Labaki and Mouzanar are active in numerous political organizations in Beirut, including Beirut Madinati (“Beirut My City”), the volunteer-led grass roots campaign which won 40% of the votes in the last election. Labaki even began a run for Parliament with Beirut Madinati, getting far enough ahead in the polls that she could have won. “I think as a moviemaker she can be much more helpful than as a lawmaker,” says Mouzanar. “When she ran her aim was not to win but to inspire people to take their destiny into their own hands, and not to give in to those corrupt politicians.”
Labaki is hopeful that Capernaum can increase awareness and open up a debate about the conditions of these children. “The problem is that we don’t want to acknowledge it because the issue is so huge that we don’t know where to start,” she says.

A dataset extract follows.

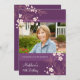 Fotos personalizadas de Festa de aniversário de 70 em elegante e moderno roxo escuro, cor-de-rosa-coral e branco com delicado padrão floral japonês. Personalize esses convites com sua própria foto e texto para criar um convite de celebração de aniversário verdadeiramente único.
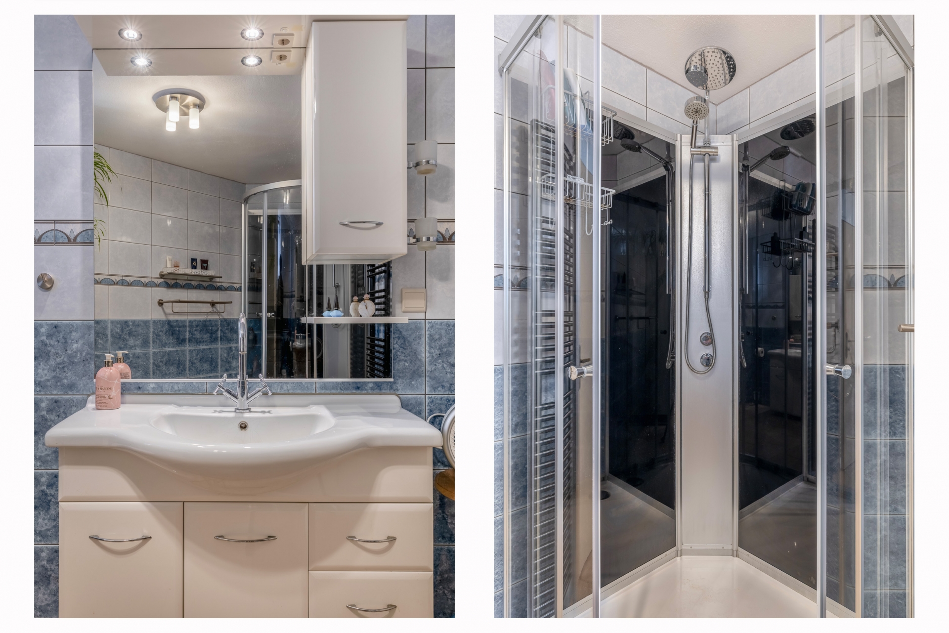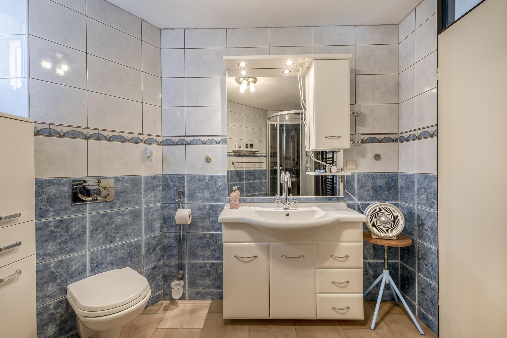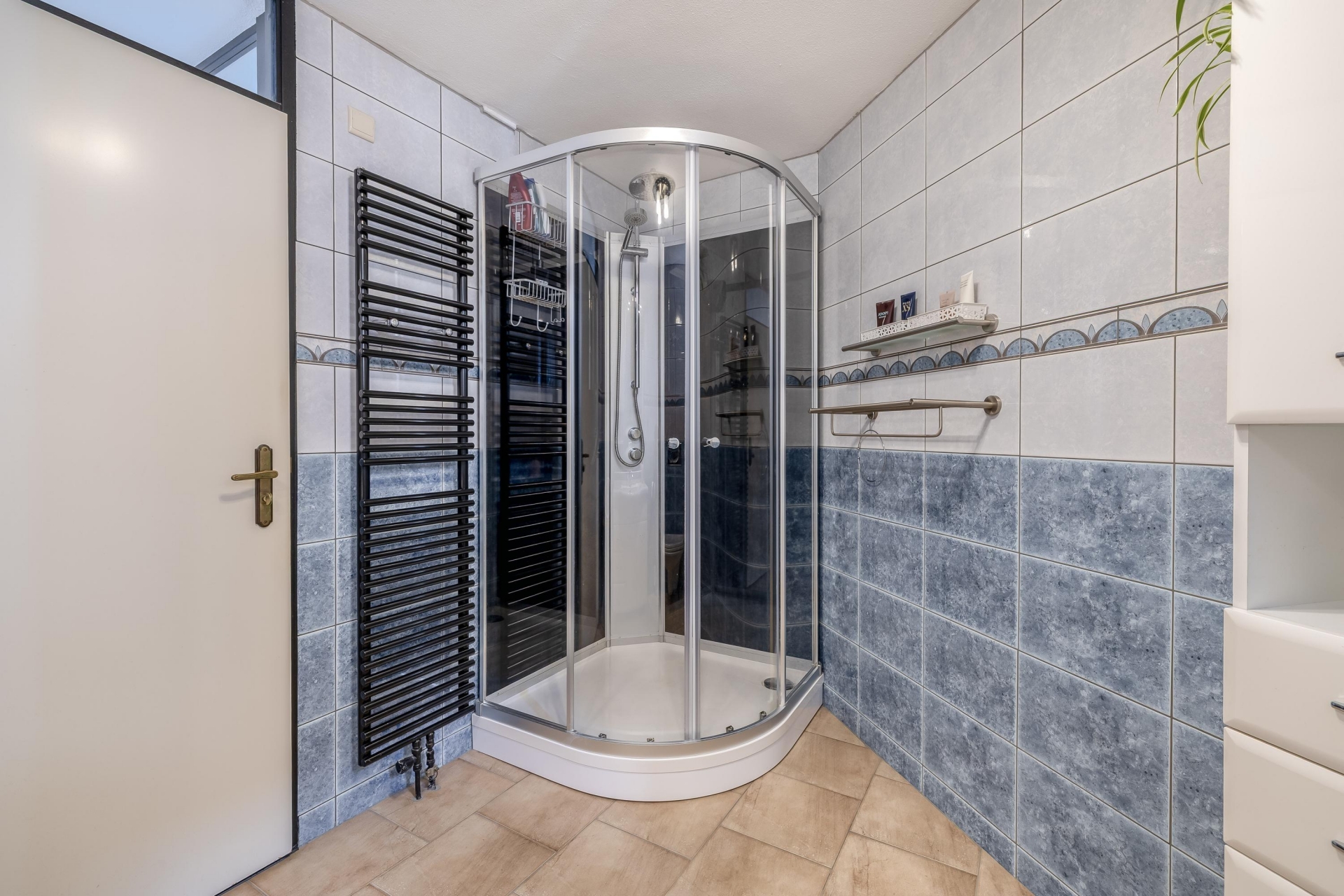 De badkamer is compleet uitgevoerd met een douche, wastafelmeubel en toilet. Netjes onderhouden en praktisch ingericht, met mogelijkheden om het naar eigen smaak te moderniseren.

“There are a million things we can do, but there needs to be open debate before we can figure out how to implement real change, like changing the laws and implementing new ones. I don’t want to sound naïve in saying a film can change the world, but if it can change the way you look at these kids or you look at your life, it can at least make a change in you, as a person. And when you start looking at these issues in a different way, real change can start.”
Says Mouzanar: “Nadine and I are realistic dreamers. These are two words that fight eternally against each other. But even if you know deep inside that you can’t change anything, you can continue to dream that you can. Humanity and progress is driven by dreamers, not cynics.”
NOTE: The film debuted at the 2018 Cannes Film Festival, where it was selected to compete for the Palme d’Or. The film received a 15-minute standing ovation following its premiere at Cannes on 17 May 2018, and won the Jury Prize. It was nominated for the Academy Award for Best Foreign Language Film at the 91st Academy Awards, among several other accolades.